达伐吡啶在口服给药后可迅速并完全被吸收。缓释剂型给药可使血浆浓度达峰时间的均值从1.3 h延迟到3~4 h,并使10 mg剂量口服后的血浆峰浓度从速释剂的42.7 ng·mL-1降低至17.3~21.6 ng·mL-1。达伐吡啶主要以原形经尿液排出,少量在肝被CYP2E1酶代谢为两种非活性代谢产物后排出体外。达伐吡啶的肾清除率大于肾小球滤过率,提示由OCT2介导的主动排泌是其肾清除的主要机制。达伐吡啶的表观消除半衰期约为5~7 h。该化合物在体内广泛分布,易于通过血脑屏障,表观分布容积为2.6 L·kg-1。在5 mg至25 mg的口服给药剂量范围内,达伐吡啶PK暴露参数的递增与剂量成正比。
MS患者口服达伐吡啶后的PK参数与健康志愿者相似,肾功能损害患者的血浆暴露随肾损害加重而增加。达伐吡啶与MS患者常用的治疗药物(醋酸格拉默、富马酸二甲酯、巴氯酚等)之间没有显著相互作用。
如前所述,从达伐吡啶的历史沿革和临床前研究都可以看出这个药的窄治疗窗特征。在这样不利的条件下,是什么促使申请人仍然坚持研发呢?文献检索显示,达伐吡啶治疗MS的概念验证(POC)研究其实远远早于其临床研发。1993年,VAN DIEMEN等[8]就发表了一项随机、双盲、安慰剂对照的交叉给药研究,该研究发现MS患者应用4-AP后可提高平滑眼动增益、缩短视觉诱发电位潜伏期和改善扫视眼动峰速度。此后,该研究室还报告了眼动测量指标改善与4-AP浓度的相关性[9],进一步确证了4-AP与上述神经生理学参数改善的因果关系。几年后,FUJIHARA等[10]的研究又展示了4-AP对MS患者动作诱发电位(MVP)的改善作用,6例以痉挛性偏瘫为主要表现的MS患者在单次静脉输注4-AP 15 mg后1 h,上肢和下肢MVP的平均波幅较基线显著增加、下肢MVP的潜伏期显著缩短。也许正是在这些阳性结果的激励下,申请人启动了达伐吡啶的临床研发。下文中将分别阐述达伐吡啶的临床疗效和安全性。
3
达伐吡啶的临床疗效 
达伐吡啶拟用于改善MS患者的行走困难。为了展现达伐吡啶的有效性,申请人先在预试验和Ⅱ期试验中探索了适合的疗效评估指标和给药剂量。一项以10例MS患者为对象的交叉设计预试验显示,与安慰剂和筛选期相比,口服达伐吡啶缓释剂17.5 mg每日2次可显著增加患者在8米步行测试中的速度[11]。
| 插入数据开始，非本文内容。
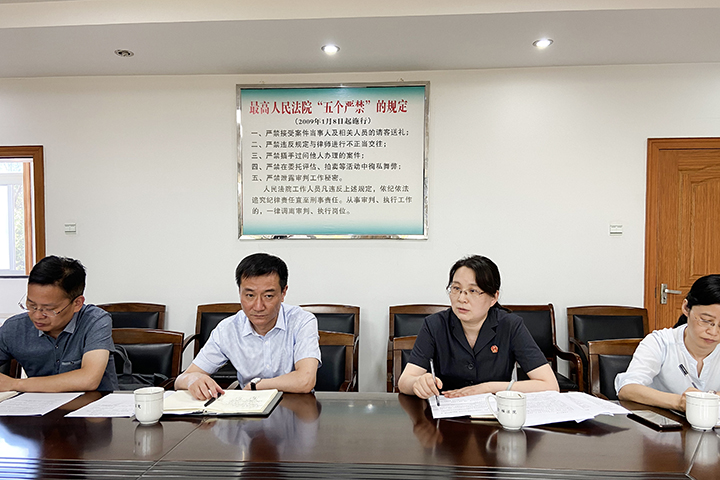 市中院党组成员、副院长潘桂林,行装处处长康林一行调研金坛法院朱林人民法庭,并召开专题调研座谈会。金坛法院党组书记、院长于立峰,院党组成员、审委会专职委员袁照华,朱林法庭庭长杨丽莉,副庭长钱蓉参加座谈。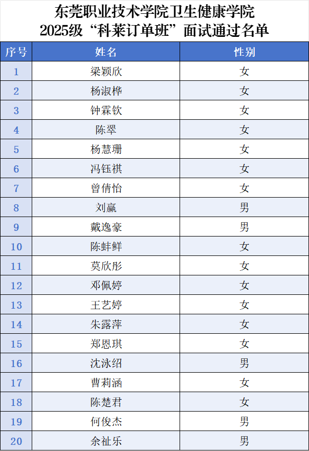 太阳成集团tyc234cc 2025级“科莱订单班”面试通过名单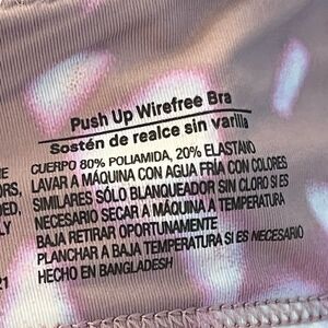 White,pink and lavenderish lightly padded, wireless push up bra. Think elastic adjustable straps. Semi sheer ribbed elastic at the bottom. Super soft material.-

随后的Ⅱ期研究(MS-F201)纳入了36例MS患者,疗效指标包括下肢徒手肌力测定(LEMMT)[前瞻性分析]和25英尺计时步行(T25FW)[事后分析]的行走速度,在口服达伐吡啶10 mg至40 mg每日2次、连续7周后,达伐吡啶组的两项疗效指标均较安慰剂组显著改善[12]。MS-F202也是一项Ⅱ期剂量探索研究,该研究共纳入206例患者,按1:1:1:1比例随机分配至达伐吡啶10 mg 每日2次、15mg每日2次、20 mg每日2次和安慰剂组,主要疗效指标是T25FW相对于基线的变化,这项研究未发现达伐吡啶在10 mg每日2次至20 mg 每日2次剂量范围内的剂量-效应关系,但是3个达伐吡啶治疗组的平均行走速度均快于安慰剂组。MS-F203和MS-F204是两项Ⅲ期临床研究,其双盲治疗期分别为14周和9周,各纳入301例MS患者(3:1随机)和239例MS患者(1:1随机),主要疗效指标都是T25FW,比较达伐吡啶缓释片10 mg每日2次治疗组和安慰剂组的反应者比例。反应者被定义为在4次治疗期评估中至少有3次比非治疗期评估(包括4次治疗前和第1次治疗后评估)的行走速度更快的患者。方案还要求反应者必须同时在多发性硬化步行量表评分(MSWS-12)上也有明确改善。MSWS-12是一个包含12个问题的量表,要求患者对他们在过去两周的残疾情况进行打分,每题5分(1=一点都没有,5=非常不好)。其他次要疗效指标包括LEMMT评分、Ashworth肌肉痉挛评分、患者总体印象评分和医生总体印象评分。两项研究都获得了有统计学意义的步行速度改善:MS-F203研究中,达伐吡啶组和安慰剂组的反应者比例分别为78/224(34.8%)和6/72(8.3%)(P<0.0001);MS-F204研究中,达伐吡啶组和安慰剂组的反应者比例分别为51/119(34.8%)和11/118(9.3%)(P<0.001)。同时还有多个次要疗效指标的支持,说明疗效结果稳健。但是,就检测数值而言,两个研究中达伐吡啶组受试者较安慰剂组的行走速度改善均不到1秒钟,使监管机构不免质疑其临床意义,继而慎重评估达伐吡啶用于临床的获益和风险[13]。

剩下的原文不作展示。